Super interesting! It's like, data, without an interpreter, has no meaning. We
rely super heavily on humans as general purpose interpreters, and when we
design computers, we make sure as much of the meaning as possible is implicit.

Rich was saying that the interpreter is secondary, which is only true if data
serves a single purpose. Alan is getting at the idea that data could serve
every purpose if only the interpreter wasn't implicit. If the concept of
"data" referred to both the value and the meaning, the language and how to
interpret it.

But, from a reddit comment: _An interpreter doesn 't magically give meaning to
data, since the interpreter has to translate to something, and that something
has to be written by a program that understands both the from and to sides of
the conversation._

The point of dit is to literally be that universal language. Yes, you do need
both sides to explicitly lay out what they main, both to convey and understand
the meaning.

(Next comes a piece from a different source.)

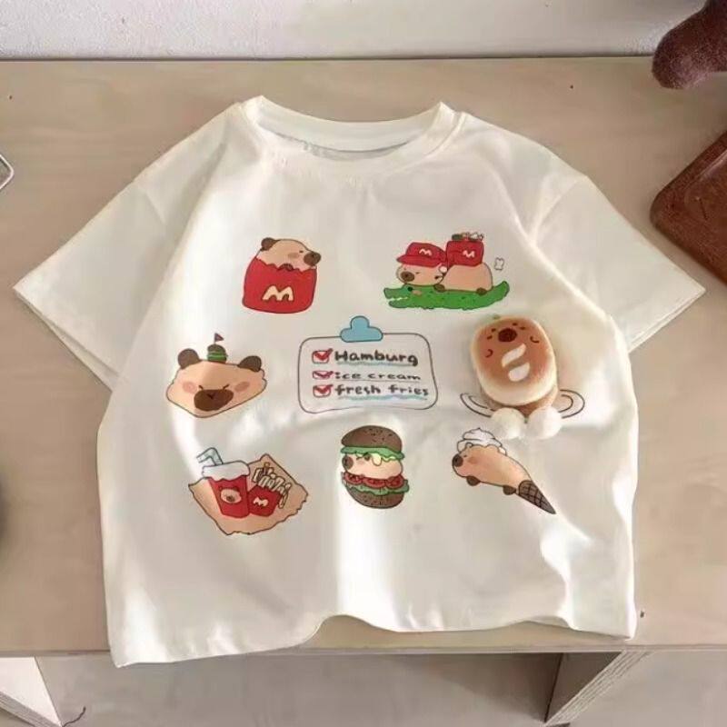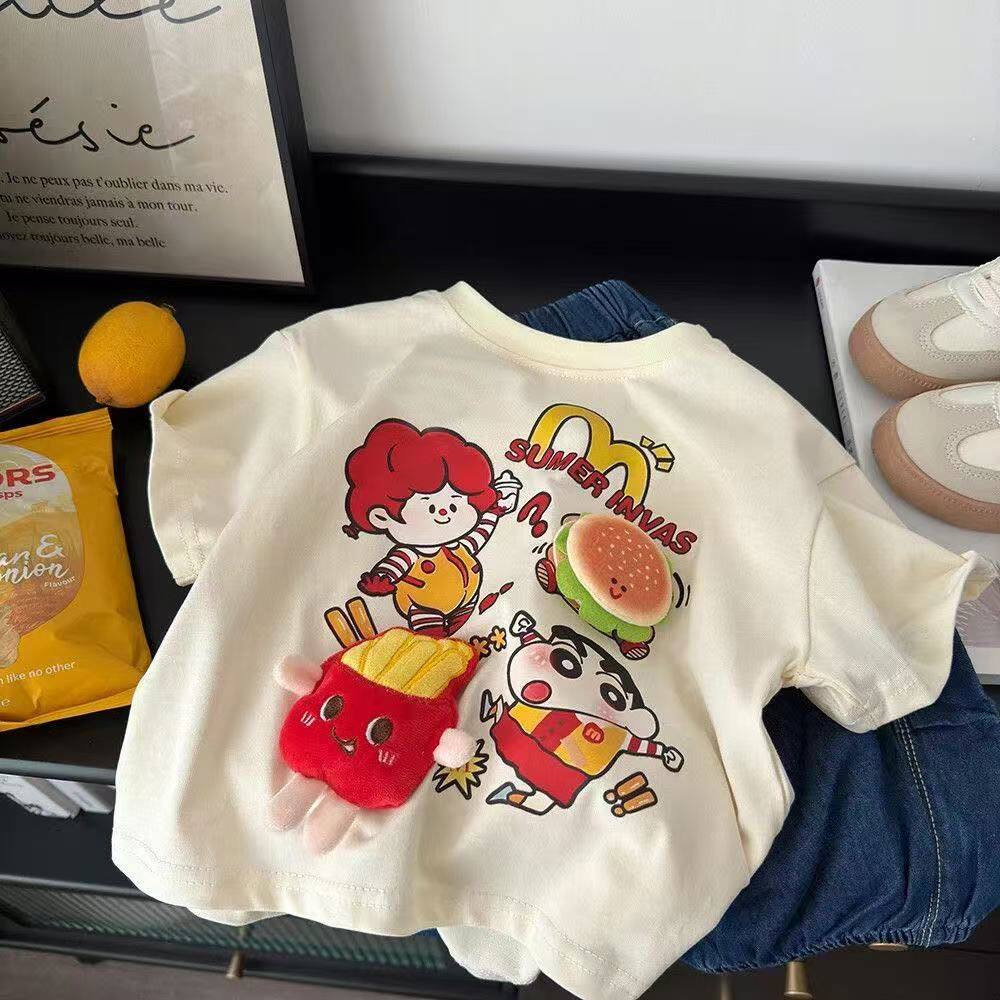 立体玩偶短袖T恤纯棉潮款夏装宽松卡通印花洋气汉堡公仔儿童上衣

The difference is that the number of connections is unlimited.
You need a human for that critical first step, but then the machine can speak
"dit" language to any other machine that speaks dit. Rich couldn't conceive of
the idea that dit could be real. I think it can. I think we can make
Licklider's vision, data and programs that can move around without respect to
the original developers intentions because they all speak dit.

Thank you for sharing, super interesting!

------
jmiskovic
Intriguing idea. I just breezed through readme so sorry if some of these are
already answered.

You say Javascript and Python as if it is unique identity. Which version of
language? Which interpreter? How do you make sure that both sides of
communication run the same logic?

The data source wants to communicate data to receiver. Is the code transmitted
together with data? What is benefit of running this code on receiving side
instead of sending side?

Apart from validation the Dit file can include custom interpretation of data.
Do you serialize and store validation and query code on disk? Is this good
idea? As you build more features in the system, you end up with old data that
cannot be queried as well as new data, even though the raw data is the same.
For example dates - you might end up with a system where old dates cannot be
converted to various date formats while newer can.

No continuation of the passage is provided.